* _Required action_
Reproduce exactly the span of lines beginning at the one with "Семененко Иван Маркович, 1906" and ending at the last line of the data below, omitting pictures.
Given data section start
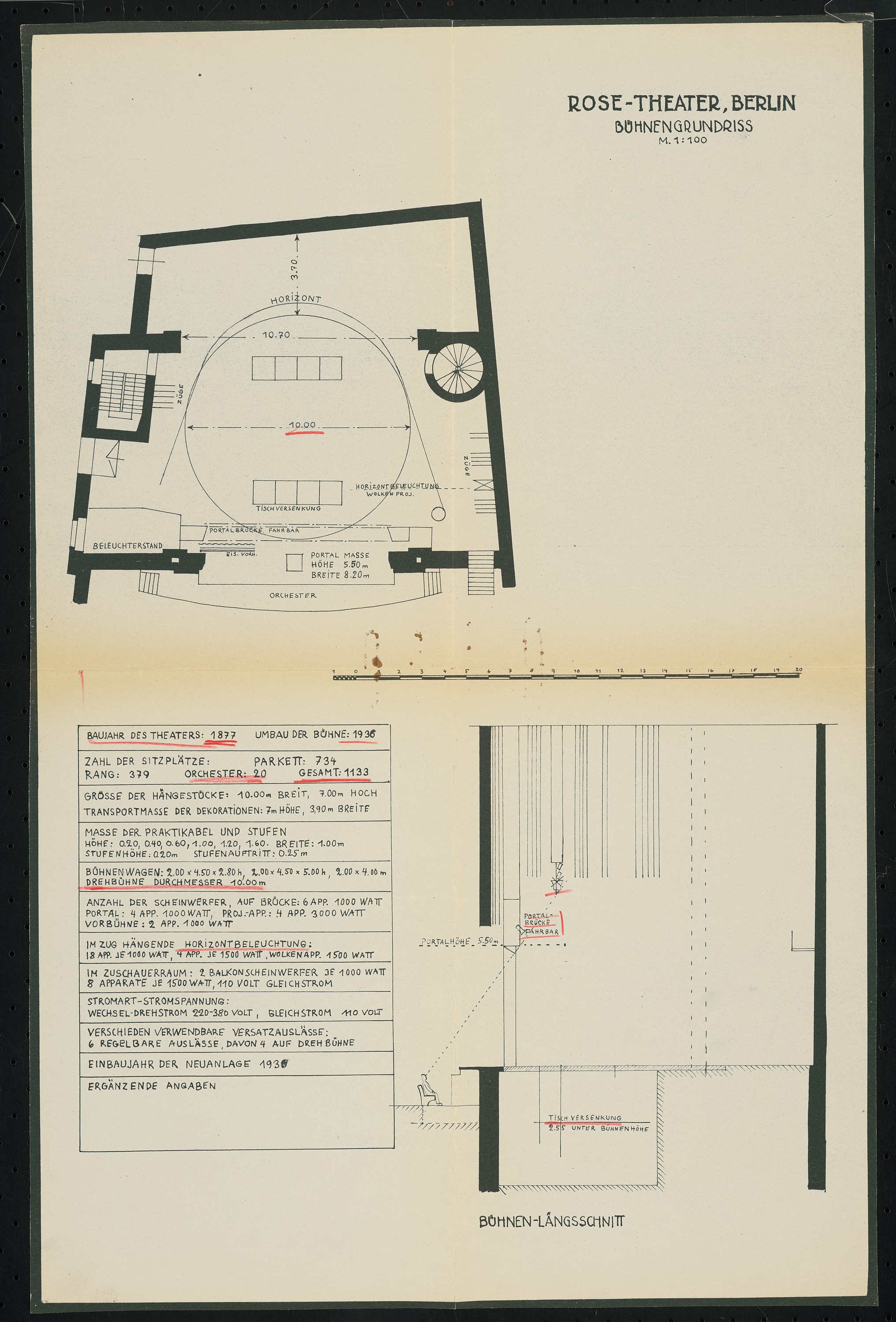 Bühnengrundriss und Bühnenlängsschnitt 1:100
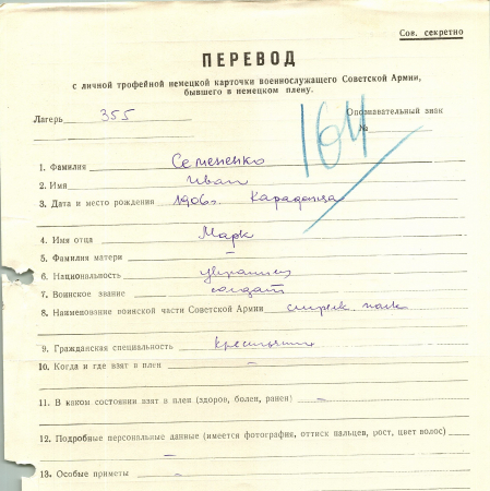 Семененко Иван Маркович, 1906 г. р., с.Карандинцы, Богуславский р-н, Киевская обл. Рядовой стрелкового полка.
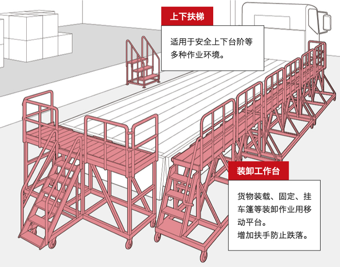 为了保障安全高效的进行拖车、油罐汽车等特殊车辆的装卸货物工作环境,改良定制而成的产品。
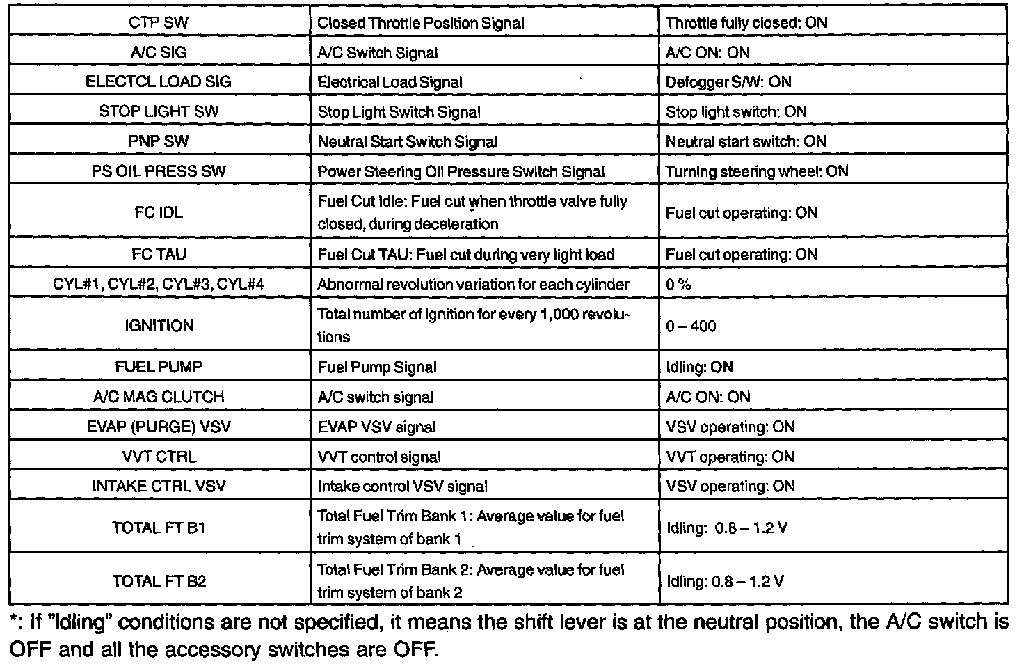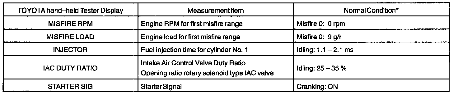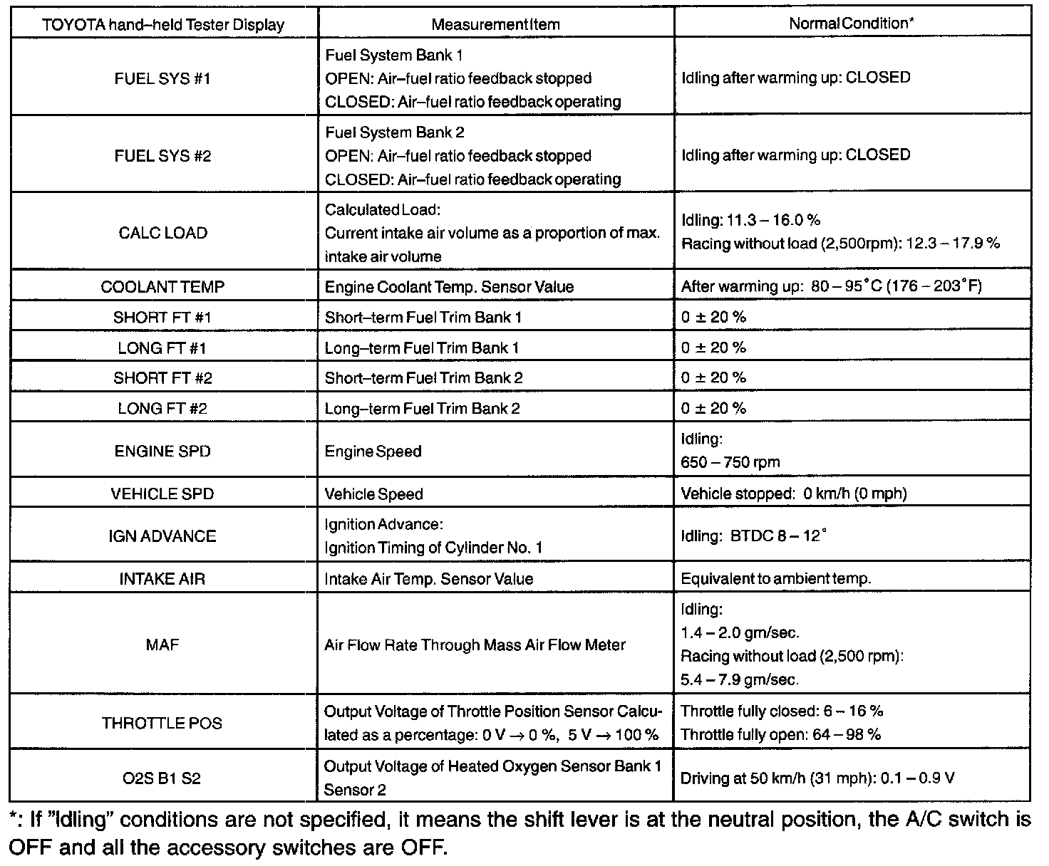 Engine Operating ConditionNOTE: The values given for "Normal Condition" are representative values. So, a vehicle may still be normal even if its value differs from those listed here. So, do not depend solely on the "Normal Condition" here when whether the part is faulty or not.
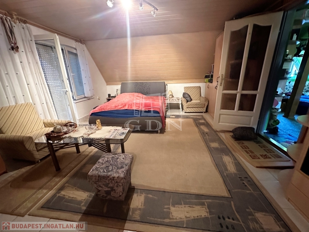 A ház emeletén egy méretes lakás került kialakításra. A tágas, világos nappalin túl egy konyha-étkező, további 3 szoba, fürdőszoba és egy gardrób helyiség is kialakításra került.
Given data section end
* _Written solution_
 Семененко Иван Маркович, 1906 г. р., с.Карандинцы, Богуславский р-н, Киевская обл. Рядовой стрелкового полка.
 为了保障安全高效的进行拖车、油罐汽车等特殊车辆的装卸货物工作环境,改良定制而成的产品。
 Engine Operating ConditionNOTE: The values given for "Normal Condition" are representative values. So, a vehicle may still be normal even if its value differs from those listed here. So, do not depend solely on the "Normal Condition" here when whether the part is faulty or not.
 A ház emeletén egy méretes lakás került kialakításra. A tágas, világos nappalin túl egy konyha-étkező, további 3 szoba, fürdőszoba és egy gardrób helyiség is kialakításra került.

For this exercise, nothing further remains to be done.